视线如芒刺背,但是空溪一直没有动,就惬意地看着报纸,等到傍晚的降临。
他会在最后一刻才出手,但是事实上,不需要空溪出手,玩家们需要完成任务。
在这群人中,恰好就有人的目标是6号,最后一张平民牌。
大雪下的更大了,外面白茫茫的,里面却全是血光。
有人用了最传统的方式:一柄刀刃,刺穿了6号的心脏。
是4号玩家,那个伊莉亚小姐。
伊莉亚和空溪没有利害关系,她优雅地坐在了沙发上,擦着刀上的血。
整个别墅就剩下他们两个人了。游戏却没有结束,是因为还没有入夜,并没有办法结算对局输赢。
空溪合上报纸,他说:“——我们谁都赢不了。”
伊莉亚哼着小曲,歪过脑袋,眨眨眼:“什么?”
空溪声音和缓,融在踏雪的声里:“这份报纸写的是几天后的新闻。”
伊莉亚探过头去看,报纸的标题是:《十二具尸体!深山别墅被雪崩掩埋!》
伊莉亚:“你的意思是,今天不会入夜了?”
空溪一笑,他看向伊莉亚,声音像温和的溪水:“我可以先把你杀出局,需要么?”
被雪崩掩埋,死亡的痛苦可能比被刀、或者毒要更漫长。
作家的身份带给他了一些若有若无的感性,空溪的笔尖在报纸上留下了狷狂的一个字,是远痕的“痕”字。
雪是浪漫的,美丽的。只不过他往往轻如鸿毛,此时却有千斤重。
伊莉亚笑着,她没有回应空溪的这段话。
她晃着腿,又哼起了小曲:“聊聊天吧,我不想临阵脱逃,我会待到最后。”
“我以前没有过腿,我生活在海里,是月亮的孩子。”
伊莉亚:“我死于爱情,所以世界让我再来一次过。他们把爱给我,却只是想要人鱼的鳞片和眼泪。”
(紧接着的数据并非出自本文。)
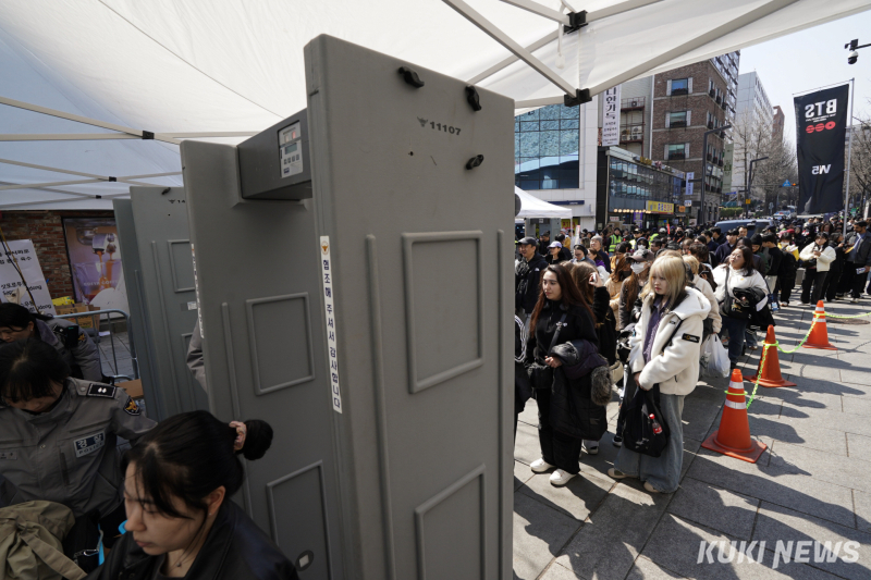 당초 정부와 통신업계는 이날 약 26만명이 몰릴 것으로 추산했으나 예상 인파 규모에 비해 질서가 유지돼 정돈된 느낌이었다. 통로가 정해져 이동에 제한은 있었지만 이동 자체는 어렵지 않았다. 공연장 방향에 위치한 임시 검문소도 수월하게 통과할 수 있었다. 검문소는 금속탐지기 구간을 지나 가방 내부를 확인하는 절차로 이뤄졌는데 시민은 물론, 외국인 팬을 포함한 대다수가 적극적으로 협조했다.

她看着空溪,声音婉转:“你是我见过的……长得最俊的人类。我们是一样的。”
她这话的意思是,她也成为了异端。那么死掉的玩家里很有可能也有被伊莉亚杀掉的玩家。
空溪的嗓音是沉而雅的提琴:“如果你能复活,你会做什么?”
伊莉亚:“你是想问,我会不会报复他?”
空溪面庞平静,他略略侧过头:“——我没有这个意思。”
伊莉亚很认真地:“我会的,我会报复他的,那你呢,等你回到现实,你会做什么?”
空溪换了一张报纸,带着手套的指节翻过一页。他像是漫不经心,又像丝毫不在意:“让该付出代价的人付出代价,仅此而已。”
伊莉亚腹诽:“说这么文艺,你不还是想报仇?”
空溪无奈,他看着雪花纷扬,他们的死期也已经快到了。
他的喉头一滚,像是难得地说出了真心话:“不,我其实并没有那么想杀他。”
伊莉亚:“嗯?”
空溪站起身,站到了窗前:“他会失去所有翻盘的能力,在地狱中度过余生。”
——雪崩到来了。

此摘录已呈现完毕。